8.7.2-debian-9-r8 and 8.7.2-ol-7-r8

  • This image has been adapted so it's easier to customize. See the Customize this image section for more information.
  • The Apache configuration volume (/bitnami/apache) has been deprecated, and support for this feature will be dropped in the near future. Until then, the container will enable the Apache configuration from that volume if it exists. By default, and if the configuration volume does not exist, the configuration files will be regenerated each time the container is created. Users wanting to apply custom Apache configuration files are advised to mount a volume for the configuration at /opt/bitnami/apache/conf, or mount specific configuration files individually.
  • The PHP configuration volume (/bitnami/php) has been deprecated, and support for this feature will be dropped in the near future. Until then, the container will enable the PHP configuration from that volume if it exists. By default, and if the configuration volume does not exist, the configuration files will be regenerated each time the container is created. Users wanting to apply custom PHP configuration files are advised to mount a volume for the configuration at /opt/bitnami/php/conf, or mount specific configuration files individually.
  • Enabling custom Apache certificates by placing them at /opt/bitnami/apache/certs has been deprecated, and support for this functionality will be dropped in the near future. Users wanting to enable custom certificates are advised to mount their certificate files on top of the preconfigured ones at /certs.

8.5.3-r1

  • The drupal container now uses drush to install and update the Drupal application.

Contributing

We'd love for you to contribute to this container.

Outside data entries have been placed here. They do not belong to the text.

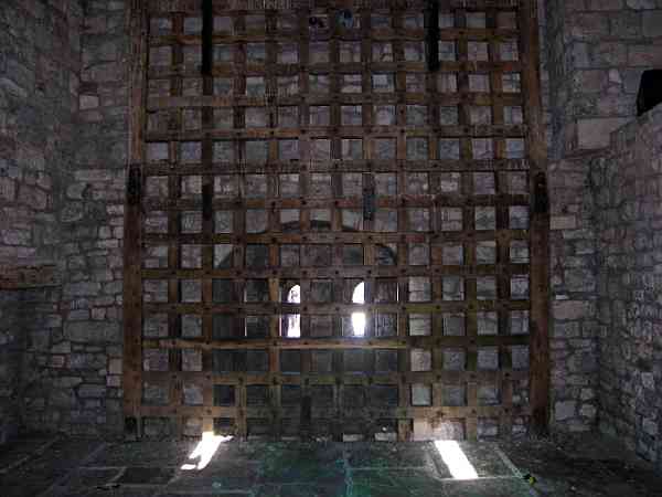 The bar was heightened in the 14th century so that a portcullis could be added. The portcullis has been cut in two pieces and placed as if in the raised position. It is non-working.
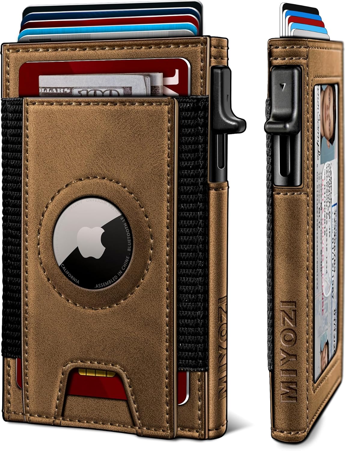 Airtag Wallet for Men, Slim Pop Up Credit Card Holder RFID Blocking Mens Minimalist wallet for 7-9 Cards ID Window, with Gift Box
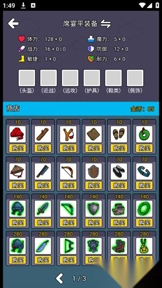 然后回到初始村镇进行刷机操作,沿着小镇一路刷机,其他事情都不用管,只要专注于刷机就行。存够金币后要及时更换装备,装备在底部的第五个位置。
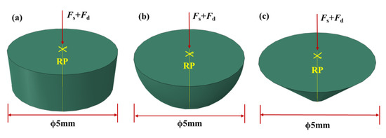 3D finite element models of indenters: (a) cylinder; (b) sphere; (c) cone. RP, Fs and Fd represent the reference point, static and dynamic load, respectively.
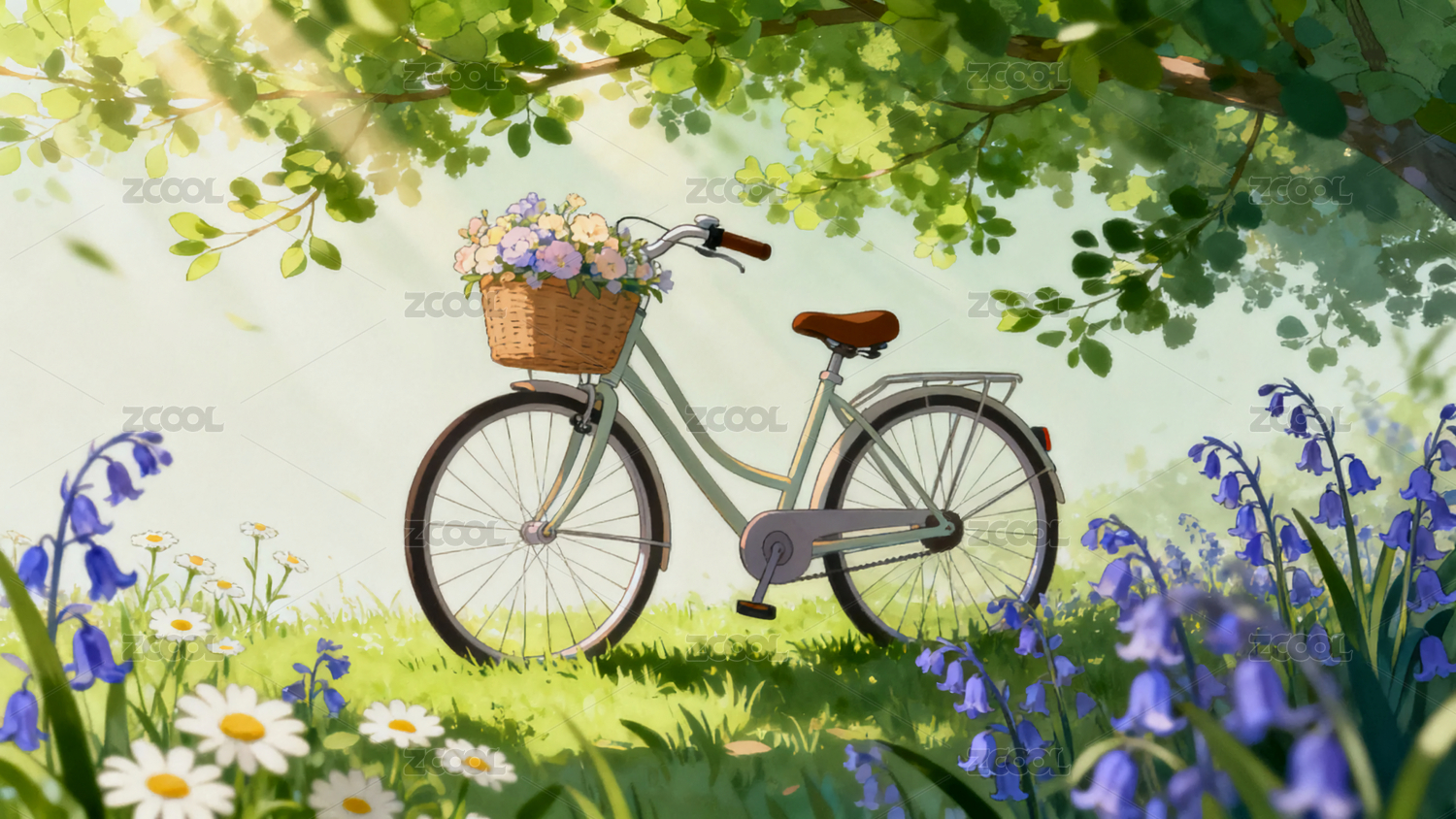 树下草地上的单车
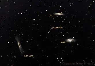 ![]() 381 Myrrha photographed in the constellation of Leo, with Messier 65, Messier 66 and NGC 3628 nearby | |
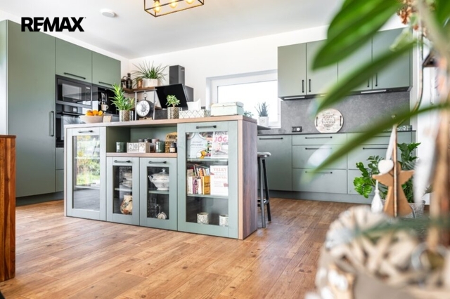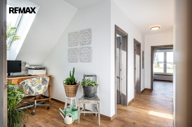 Interiér domu je kompletně hotový, velmi vkusně zařízený včetně moderní kuchyně a je laděn do harmonického celku, každý detail je součástí promyšlené koncepce příjemného bydlení.
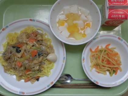 五目あんかけ焼きそば、牛乳、じゃがいものバンサンスー、フルーツミルク寒天です。
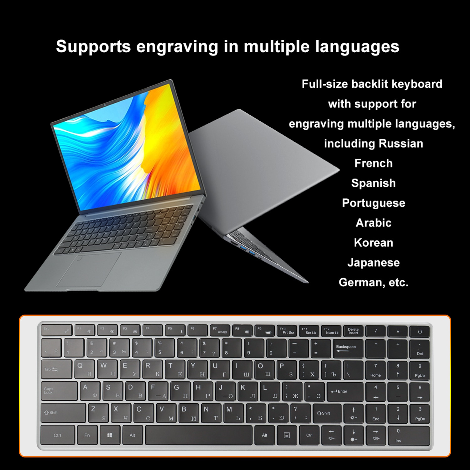 This product supports laser engraving languages on the keyboard, including Russian, French, Spanish, German, Korean, Japanese, Arabic, etc., except for Russian, engraving other languages requires an additional charge of 10 USD, if you need engraving, you can contact us, thank you.
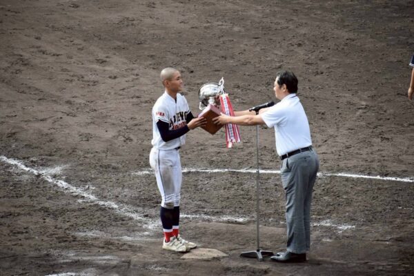 続く渡(2年/大阪市立市岡中学校)がライト前安打を放ち欲しかった追加点を取ります。

You can request new features by creating an issue or submitting a pull request with your contribution.

Issues

If you encountered a problem running this container, you can file an issue. Be sure to include the following information in your issue:

  • Host OS and version
  • Docker version (docker version)
  • Output of docker info
  • Version of this container
  • The command you used to run the container, and any relevant output you saw (masking any sensitive information)

License

Copyright © 2025 Broadcom. The term "Broadcom" refers to Broadcom Inc. and/or its subsidiaries.

Licensed under the Apache License, Version 2.0 (the "License"); you may not use this file except in compliance with the License. You may obtain a copy of the License at

http://www.apache.org/licenses/LICENSE-2.0

Unless required by applicable law or agreed to in writing, software distributed under the License is distributed on an "AS IS" BASIS, WITHOUT WARRANTIES OR CONDITIONS OF ANY KIND, either express or implied. See the License for the specific language governing permissions and limitations under the License.